In the beginning, he always looks down at his feet, moving to the steady rhythm which he recognizes as his own, slow pace. But he is less looking down than he is avoiding looking up. His eyes reveal so much: the blank, horrific gaze of a man who has crossed the threshold from seeing the world as God made it, as a child sees it, only in its beauty, to the hopeless, empty cognizance of a world irrevocably soiled. So seldom do human beings rediscover that beauty once the ugliness has been revealed. He looks down because he has chosen to see no more.
He walks on.
Over dirt and rock, he walks; over broken glass, cracking under his feet, plastic bags and candy wrappers, blowing in the wind. Over sidewalks, barren, the man walks. There are no dandelions reaching out between the cracks.
He walks past crowds, shouting at him, cursing at him. Even the first time, when it all seemed so strange, those curses felt familiar. He is certain that he knows no one in the crowd, but he knows the curses. He is close to home. He keeps on.
He hates this part the most. The walking. The hoping. Tortured with the possibility of a different outcome, he walks. But he never truly believes it will end differently. The man knows how it will end.
But he cannot help but hope—hope that this time he will stop, or turn around, or even join the crowd and turn those curses to praise.
Someday, perhaps, it will change, but not today. Today he keeps on, his pace never changing, his eyes seldom lifting even to look where he is going, and then only briefly, only forward. He does not want to see where he is going.
He does not need to see where he is going. He already knows.
And finally, he stops to pick up the small metal instrument.
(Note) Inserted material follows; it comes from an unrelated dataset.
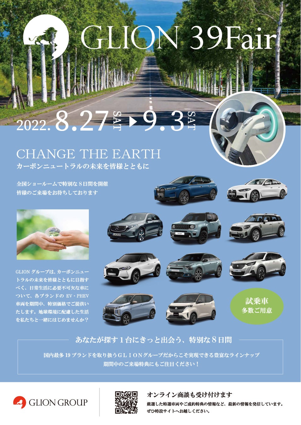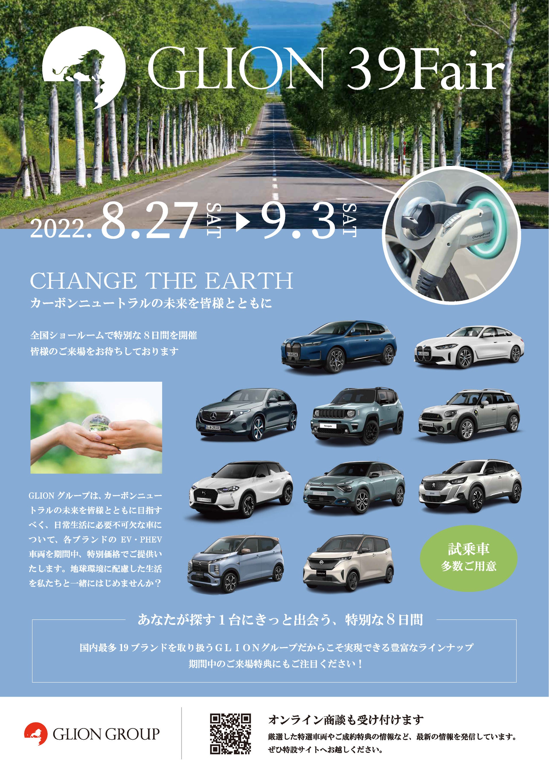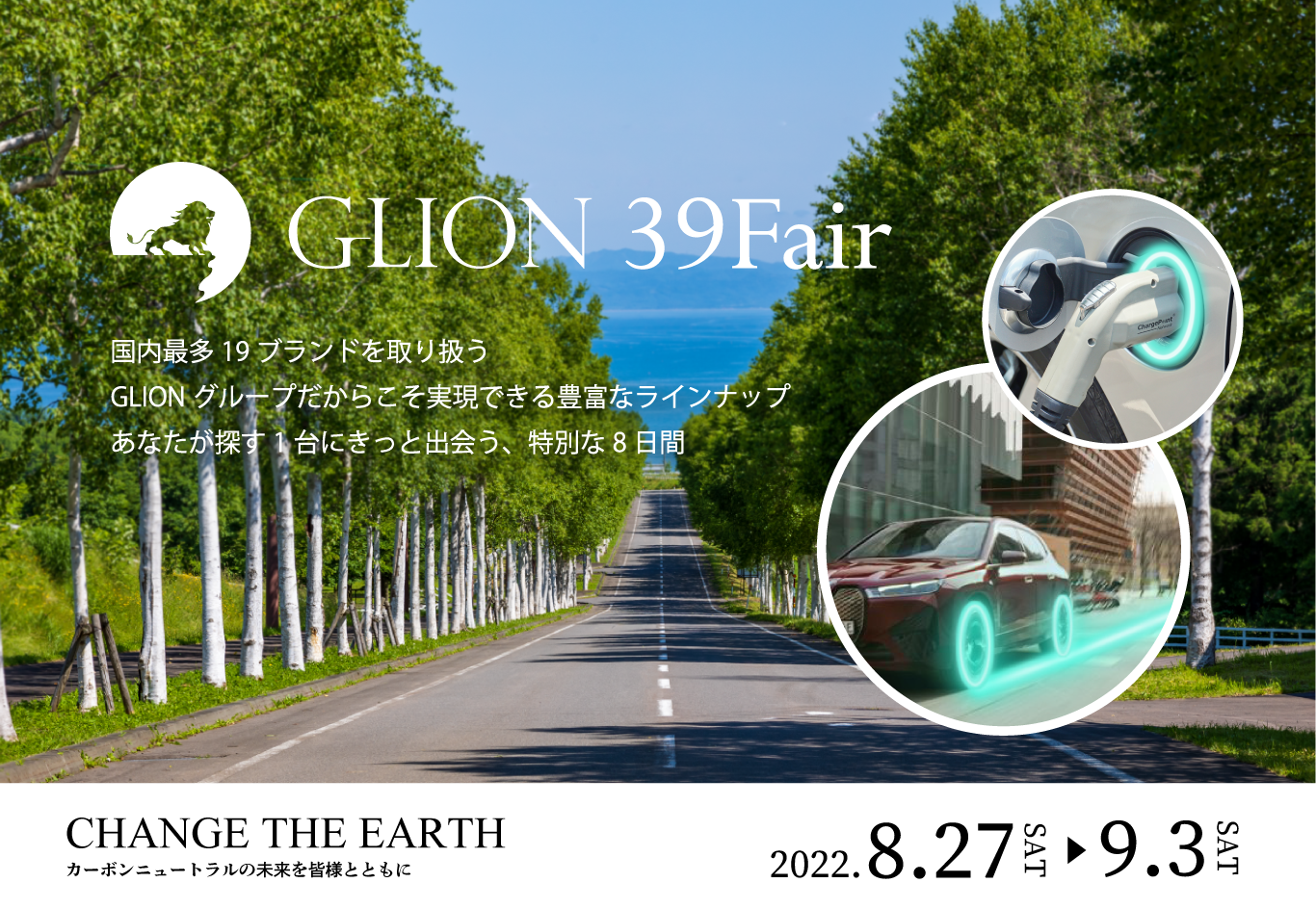 GLIONグループ(ジーライオングループ 所在地:兵庫県神戸市)では明日から9月3日(土)までの8日間、各店舗及びオンラインで「GLION39Fair -CHANGE THE EARTH-」を開催します。19のカーブランドを取り扱うGLIONグループだからこそ実現できる豊富なラインナップ。是非、この機会にお車の購入をご検討下さい。

He feels his hands close around its handle. Only then does he see before him the huge, wooden cross and the faceless figure—neither male nor female, young nor old—tied securely, legs straight down on the vertical plank, arms stretched as far as they can go on the horizontal, palms open, pleading, or maybe waiting for an embrace. He can never tell. Truthfully, he no longer knows the difference. It always surprises him that his victim never struggles. He can feel the hoping in his victim. Give up, he wants to say. Hope hurts too much.
Almost as much as for the dreams to stop, he wants just once to see who it is, to look into the eyes of the one he tortures, of his own torturer. But to see those eyes is his greatest fear; and when that fear begins to enter his own consciousness he begins to smell the fear of his counterpart.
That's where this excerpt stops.